Goal of the exercise:
All that is needed is an exact copy of the lines from the beginning of the data below through the line containing "ウールのネクタイやツイードの", minus the pictures.

Stored records:
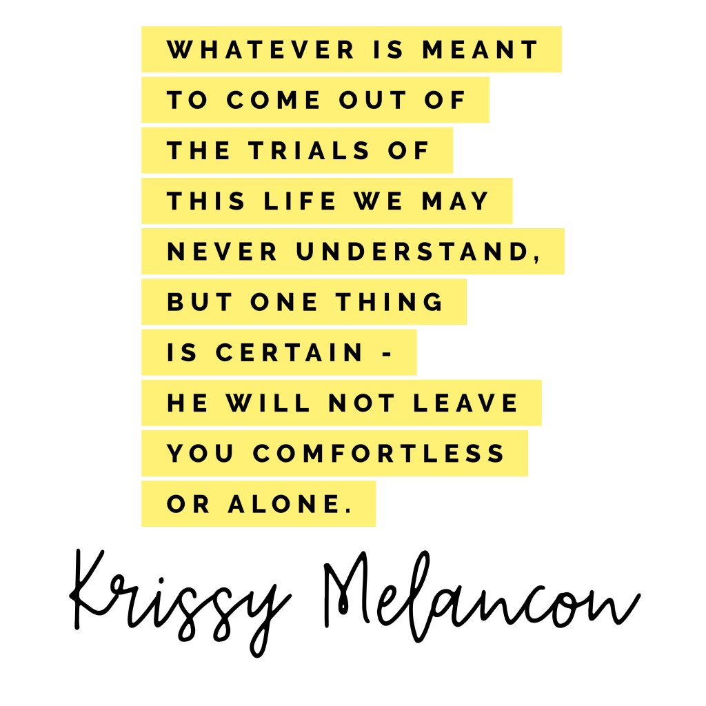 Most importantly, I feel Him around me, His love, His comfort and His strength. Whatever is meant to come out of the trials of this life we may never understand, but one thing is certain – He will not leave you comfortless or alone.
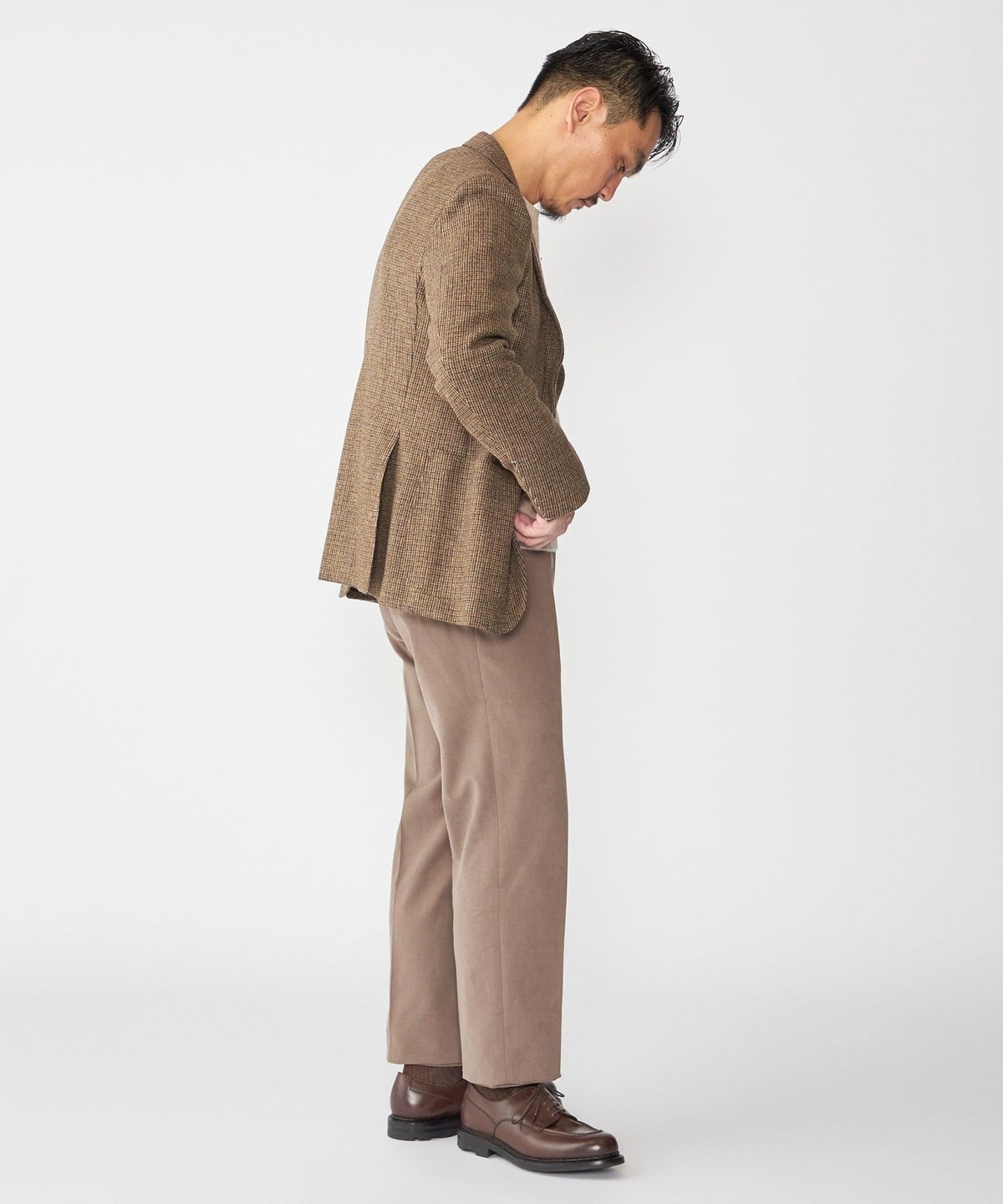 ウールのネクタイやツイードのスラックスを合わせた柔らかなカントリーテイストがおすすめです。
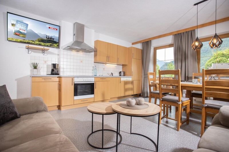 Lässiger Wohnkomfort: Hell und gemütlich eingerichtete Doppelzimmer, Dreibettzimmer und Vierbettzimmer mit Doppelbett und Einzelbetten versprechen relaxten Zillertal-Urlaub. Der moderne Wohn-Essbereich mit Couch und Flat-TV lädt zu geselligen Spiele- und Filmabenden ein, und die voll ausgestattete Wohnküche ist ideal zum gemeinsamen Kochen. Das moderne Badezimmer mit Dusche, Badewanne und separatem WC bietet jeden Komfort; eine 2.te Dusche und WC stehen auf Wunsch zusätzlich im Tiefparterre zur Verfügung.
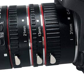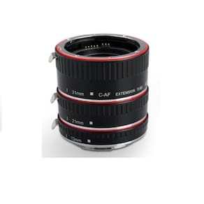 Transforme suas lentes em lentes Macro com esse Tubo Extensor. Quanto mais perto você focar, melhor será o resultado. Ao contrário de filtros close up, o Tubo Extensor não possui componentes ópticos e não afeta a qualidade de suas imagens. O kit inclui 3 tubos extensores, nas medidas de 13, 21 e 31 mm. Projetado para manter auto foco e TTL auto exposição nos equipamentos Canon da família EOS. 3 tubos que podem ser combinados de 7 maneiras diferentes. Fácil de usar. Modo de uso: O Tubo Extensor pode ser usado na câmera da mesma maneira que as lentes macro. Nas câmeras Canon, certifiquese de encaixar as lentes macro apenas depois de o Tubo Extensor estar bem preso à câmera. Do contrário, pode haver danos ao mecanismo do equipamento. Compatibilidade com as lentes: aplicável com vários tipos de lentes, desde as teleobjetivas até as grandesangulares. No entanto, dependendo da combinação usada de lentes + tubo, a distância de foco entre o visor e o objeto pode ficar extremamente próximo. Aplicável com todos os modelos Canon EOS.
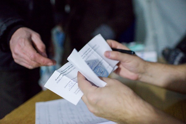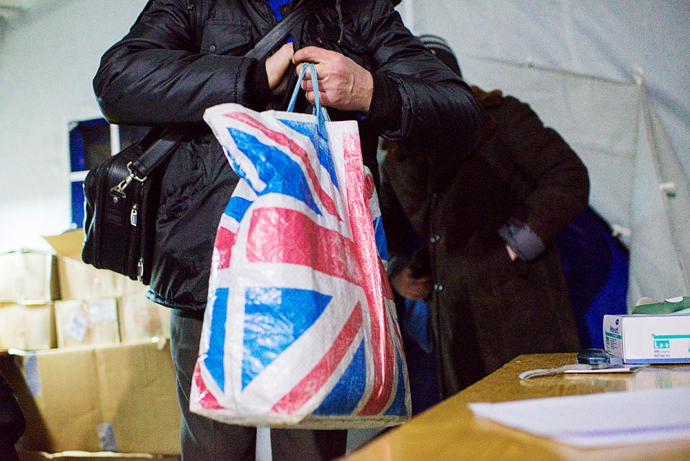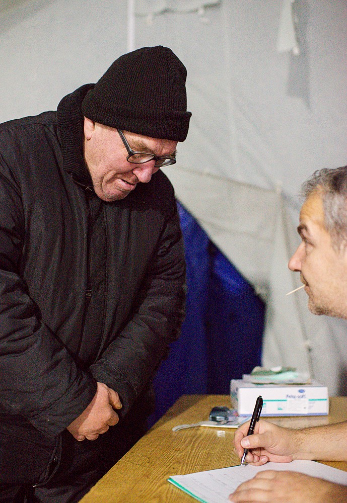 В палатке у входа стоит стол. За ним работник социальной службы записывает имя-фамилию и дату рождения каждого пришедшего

Result for this task:
 Most importantly, I feel Him around me, His love, His comfort and His strength. Whatever is meant to come out of the trials of this life we may never understand, but one thing is certain – He will not leave you comfortless or alone.
 ウールのネクタイやツイードのスラックスを合わせた柔らかなカントリーテイストがおすすめです。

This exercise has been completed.